Однако настали душные августовские ночи 1842 года, и толпа попыталась (не впервые) разгромить дом Первиса. Это произошло после парада в честь освобождения Вест-Индии – этот праздник в честь запрета рабства в британской Вест-Индии проводился ежегодно. Первис возвращался домой после лекции о запрете рабства, и вдруг он увидел, как к нему в ужасе бежит гувернантка-англичанка. Она предупредила, что погромщики его ищут. Первис на всю жизнь запомнил бессонную ночь, проведенную у дверей собственного дома с ружьем на коленях. Он был готов защищать жену и детей и собственный дом. Первого, кто попытался бы взломать дверь, не задумываясь, застрелил бы.
Семья в ту ночь уцелела, но так повезло не всем. Погромщики избивали взрослых и детей. Церковь и молитвенный дом сожгли. Первис был в отчаянии. Самым ужасным стала не жестокость толпы, а «апатия и бесчеловечность всего общества»[253]. Другу он говорил: «После самых болезненных и глубоких раздумий… я убедился в нашей полной и абсолютной ничтожности в глазах общества». Когда сам шериф предупредил, что не сможет обеспечить им безопасность, Первис принял решение увезти семью из города.
Первисы поселились в Байберри, в 30 километрах к северу от Филадельфии. Он купил уютный дом вдали от дороги, напротив молитвенного дома квакеров. Однако чернокожей семье в маленьком городке пришлось нелегко. Даже квакеры выделяли в молитвенных домах специальные «цветные» скамьи и не всегда встречали новоприбывших по-дружески. Однако Первис и здесь продолжил свой крестовый поход – на сей раз в отдалении от города, чтобы не подвергать опасности семью.
Он был настоящим борцом за гражданские права[254]: поддерживал требование справедливости, кто бы его ни высказывал – негры, индейцы, ирландцы, женщины. Его собственный круг был самым широким. Он трудился вместе с белыми аболиционистами и приветствовал активное участие женщин. Хотя прошлый год и подверг его идеализм суровому испытанию. На момент появления Крафтов у Первиса были все основания для депрессии, а то и настоящего отчаяния. Он вел сразу несколько битв: против дискриминации в школах и за право голоса (когда-то состоятельные чернокожие обладали в Пенсильвании таким правом, а затем ситуация изменилась). И боролся даже в своей церкви. 1848 год стал поворотным. Его вера в межрасовое сотрудничество пошатнулась, и Первис начал склоняться к более тесному сотрудничеству с чернокожими активистами, хотя всю жизнь посвятил защите прав человека в широком смысле слова.
Судьба Крафтов нашла у Первиса самый живой отклик: как блестяще молодая пара перевернула расовые и гендерные категории в собственную пользу. В то же время супруги явно доказывали необходимость радикальных действий, чего жаждала и душа Первиса.
К его дому Уильям и Эллен отправились в экипаже.

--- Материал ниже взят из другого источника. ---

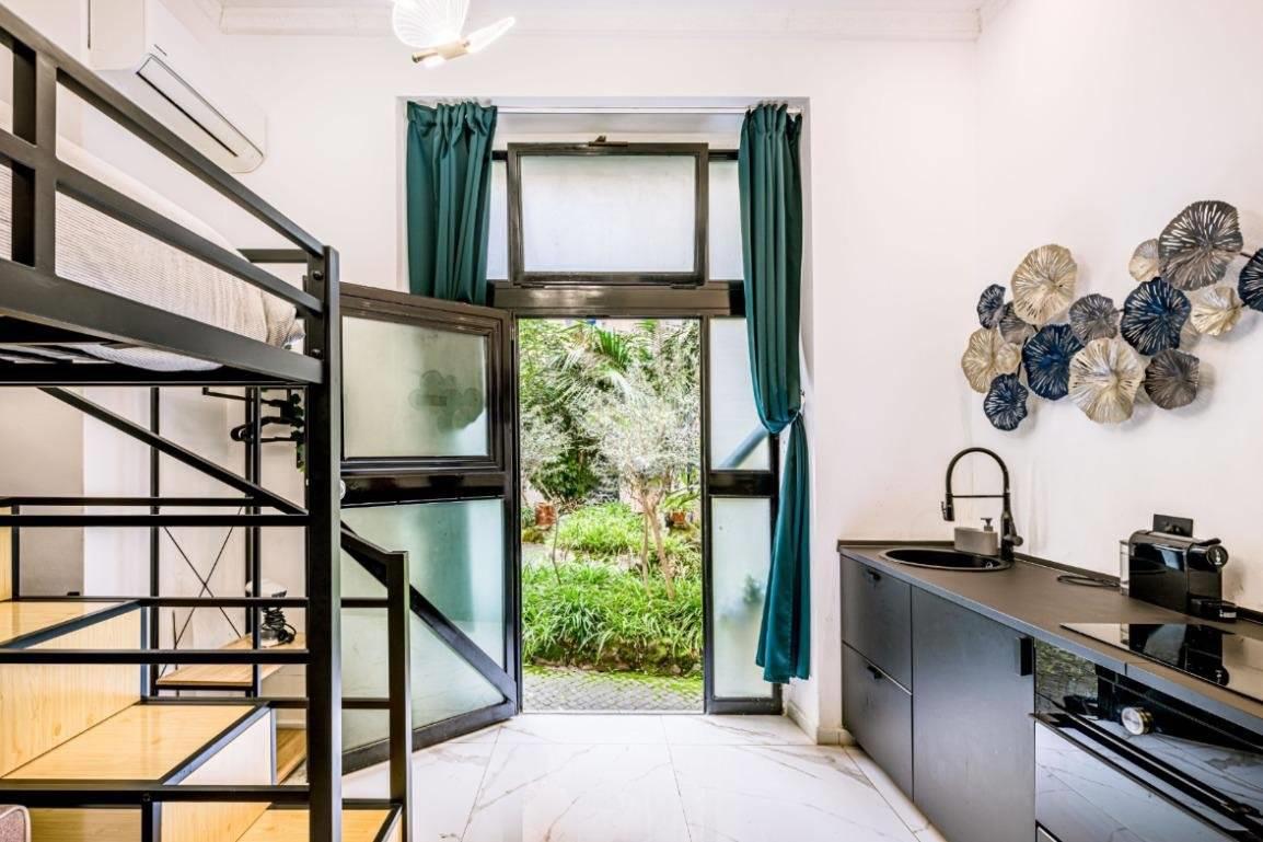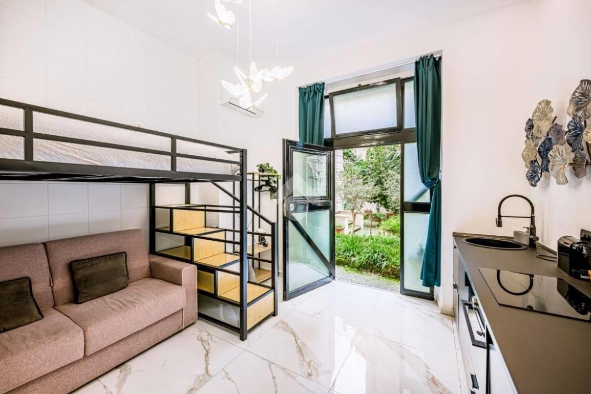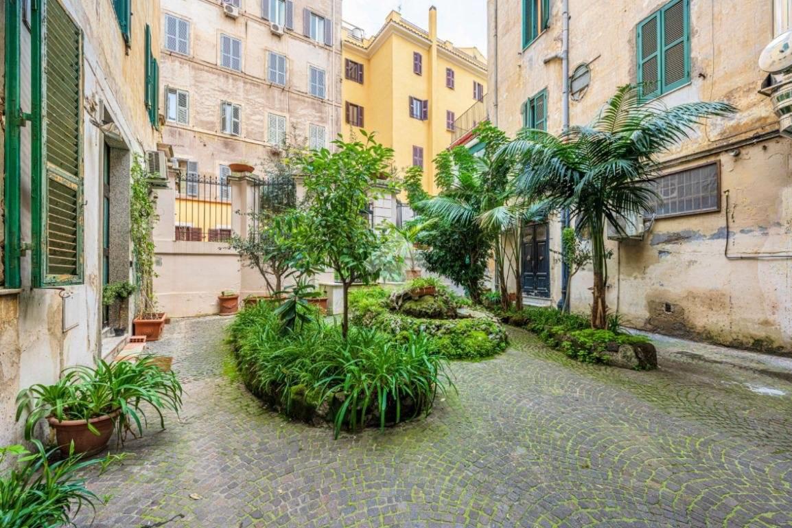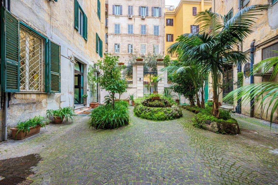 L’affaccio interno sul giardino condominiale garantisce silenzio e riservatezza, elemento raro in pieno Centro Storico.

По дороге они проезжали молитвенный дом и школу квакеров, а также большой дом, построенный Первисом для проведения собраний против рабства, – реинкарнацию сгоревшего в Филадельфии Пенсильвания-холла.
Высокие ворота распахнулись: они прибыли в дом Первисов. Скользя по непривычному для себя снегу, Крафты прошли мимо каретного сарая, амбара и ледника к трехэтажному особняку с красивым портиком. Дом окружали заснеженные плодовые деревья. Повсюду раскинулись замерзшие сады. Вдали виднелись конюшни, где Первис держал превосходных лошадей и скрещивал их с лучшими местными конями. Стены конюшен надежно защищали лошадей от зимних морозов.
В Хармони-холл (так назывался особняк) Крафтов встретили члены семьи Первиса: его жена Гарриет, основательница филадельфийского женского общества по борьбе с рабством, и их семеро детей, – старшему было шестнадцать, он собирался в колледж, а младший только начинал ходить[255]. За ними присматривала белая гувернантка, англичанка Джорджиана Брюс. Ее пригласили обучать младших детей, но потом пришлось взяться и за старших сыновей, поскольку их исключили из школы из-за дискриминации.
Недаром дом Первисов назывался домом гармонии. Здесь было уютно и тепло. В гостиной пылал огромный камин. Из просторного холла наверх вела красивая широкая лестница. Особняк был совершенно типичным – большая гостиная, столовая и кухня располагались на первом этаже, а спальни наверху. Однако присутствовала одна особенность: в подвале было оборудовано тайное убежище для гостей вроде Уильяма и Эллен.
Столовая Хармони-холл могла бы стать идеальным местом для рождественского ужина, если бы Крафты не побоялись остаться наверху. За закрытыми шторами и ставнями они вместе с хозяевами уселись за длинный стол, на котором в теплом свете свечей поблескивало столовое серебро и фарфор. Великолепный ужин был приготовлен руками свободных людей. Первисы не только сами выращивали отличный урожай, но еще и поддерживали Свободную ассоциацию цветных производителей, поставлявшую продукты, произведенные без использования рабского труда.
Из-за стола Крафты могли видеть две чудесные картины кисти Натаниэля Джослина[256]. Одна представляла собой портрет Сенгбе Пье, известного также под именем Джозефа Синке, возглавившего в 1839 году восстание рабов на корабле «Амистад» (о нем, описывая Уильяма, упоминал по меньшей мере один наблюдатель). Сенгбе Пье похитили в Западной Африке, там же, где деда и бабушку Уильяма. Вместе с другими невольниками он сумел захватить корабль, но их перехватили близ берегов Америки. Африканцы потребовали освободить их и довели дело до Верховного суда, где их интересы успешно представлял Джон Квинси Адамс.
Первис заказал портрет Синке незадолго до последнего слушания, прекрасно осознавая, какое влияние процесс мог оказать на американское общество. После юридической победы африканцев он пригласил Синке в свой дом, где висел его портрет. Первис хотел выставить картину на ежегодной художественной выставке в Филадельфии, но ее не приняли: организаторы опасались вспышки насилия.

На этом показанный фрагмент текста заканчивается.